Pictures do not belong in the copy; quote every entry below exactly.

*** Opening Dataset entries ***

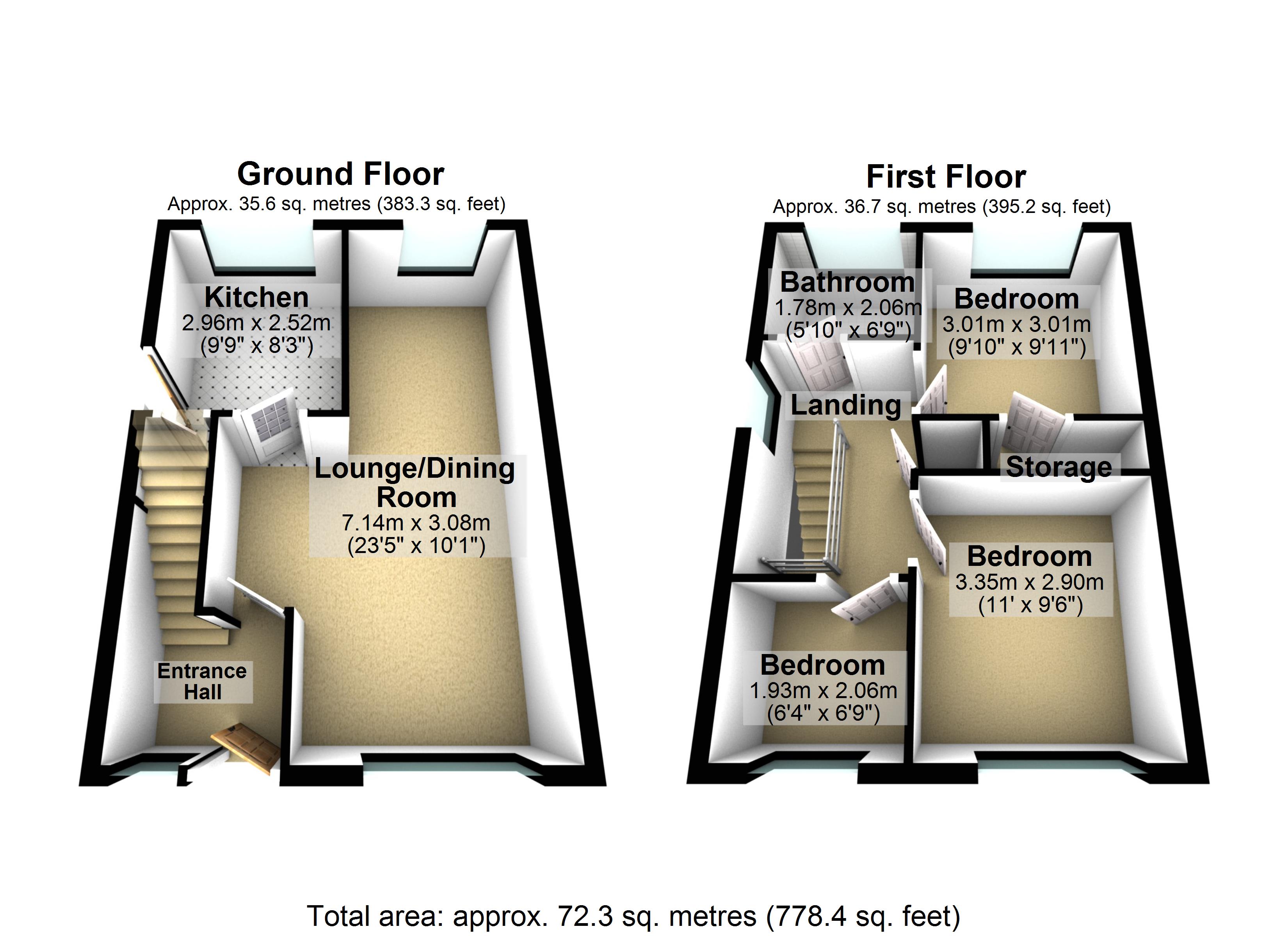 Internally the accommodation covers approximately just over 775sqft of living space, comprising of entrance hall, OPEN PLAN LOUNGE/DINER, modern fitted kitchen, THREE BEDROOMS and family shower room.
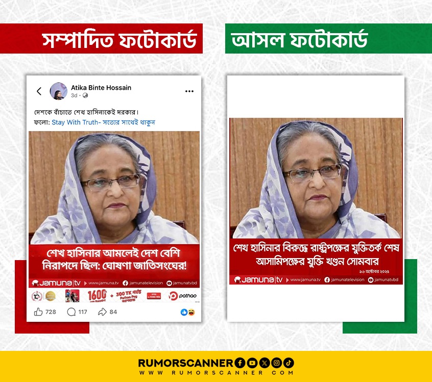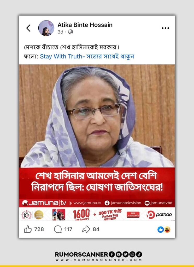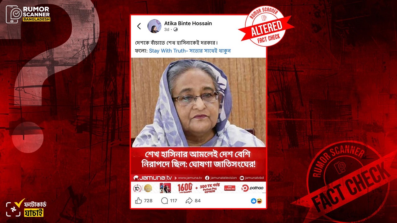 সম্প্রতি জুলাই গণ-অভ্যুত্থানের সময় সংঘটিত মানবতাবিরোধী অপরাধের দায়ে দন্ডিত ক্ষমতাচ্যুত প্রধানমন্ত্রী শেখ হাসিনাকে উদ্ধৃত করে ‘শেখ হাসিনার আমলেই দেশ বেশি নিরাপদে ছিল: ঘোষণা জাতিসংঘের!’ শিরোনামে মূলধারার গণমাধ্যম যমুনা টিভির ডিজাইন সংবলিত একটি ফটোকার্ড প্রচার করা হয়েছে।
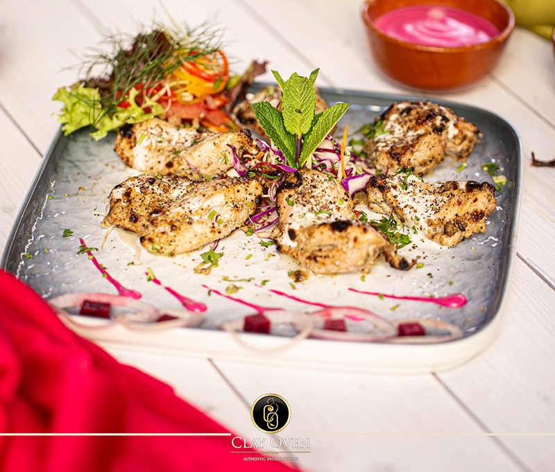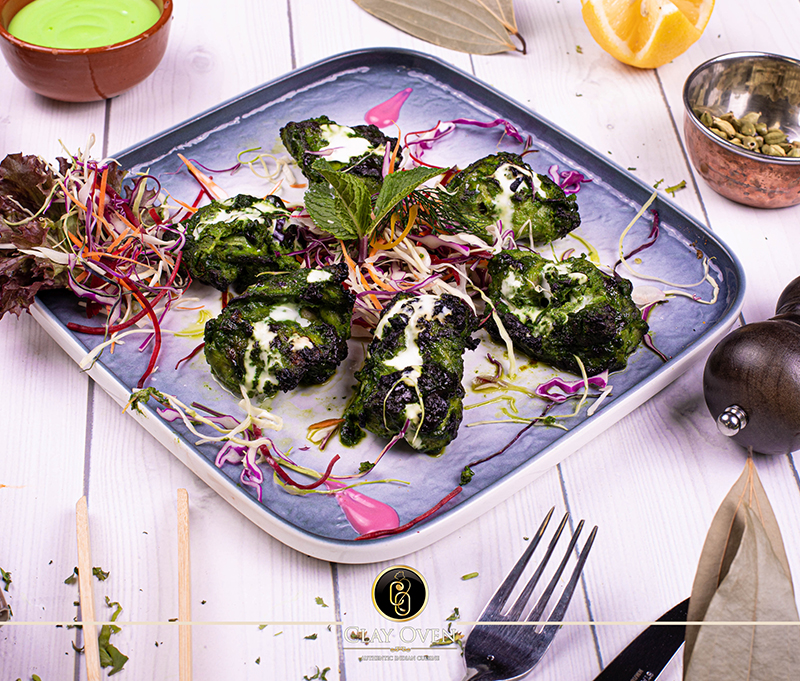 Tender chicken pieces marinated in a vibrant green paste of coriander, mint, Spinach, Indian spices and Herbs, then grilled to perfection on charcoal. Served with Mint sauce and Yogurt.
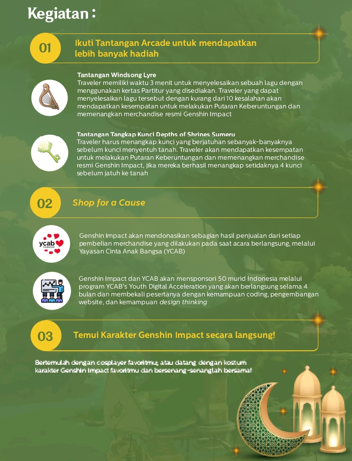 Selain merchandise Genshin Impact yang akan dijual selama event berlangsung, para penggemar maupun player Genshin Impact juga dapat menikmati berbagai aktivitas dan tantangan untuk memenangkan merchandise dari Genshin Impact, serta bertemu dengan para cosplayer.
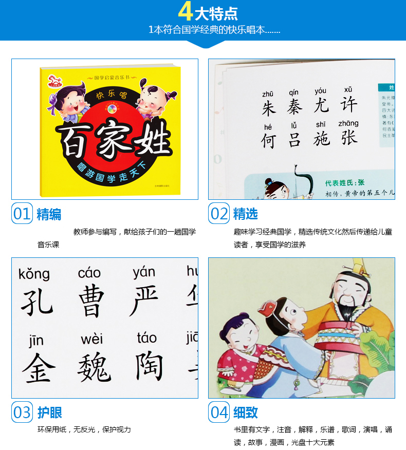 注音版 带光盘有声版 小学生儿童版 课外阅读书籍幼儿园用书一二年级课外书读国学版 2年级国学启蒙幼儿读物 快乐唱百家姓 正版

*** Closing Dataset entries ***

## Written answer
 Internally the accommodation covers approximately just over 775sqft of living space, comprising of entrance hall, OPEN PLAN LOUNGE/DINER, modern fitted kitchen, THREE BEDROOMS and family shower room.
 সম্প্রতি জুলাই গণ-অভ্যুত্থানের সময় সংঘটিত মানবতাবিরোধী অপরাধের দায়ে দন্ডিত ক্ষমতাচ্যুত প্রধানমন্ত্রী শেখ হাসিনাকে উদ্ধৃত করে ‘শেখ হাসিনার আমলেই দেশ বেশি নিরাপদে ছিল: ঘোষণা জাতিসংঘের!’ শিরোনামে মূলধারার গণমাধ্যম যমুনা টিভির ডিজাইন সংবলিত একটি ফটোকার্ড প্রচার করা হয়েছে।
 Tender chicken pieces marinated in a vibrant green paste of coriander, mint, Spinach, Indian spices and Herbs, then grilled to perfection on charcoal. Served with Mint sauce and Yogurt.
 Selain merchandise Genshin Impact yang akan dijual selama event berlangsung, para penggemar maupun player Genshin Impact juga dapat menikmati berbagai aktivitas dan tantangan untuk memenangkan merchandise dari Genshin Impact, serta bertemu dengan para cosplayer.
 注音版 带光盘有声版 小学生儿童版 课外阅读书籍幼儿园用书一二年级课外书读国学版 2年级国学启蒙幼儿读物 快乐唱百家姓 正版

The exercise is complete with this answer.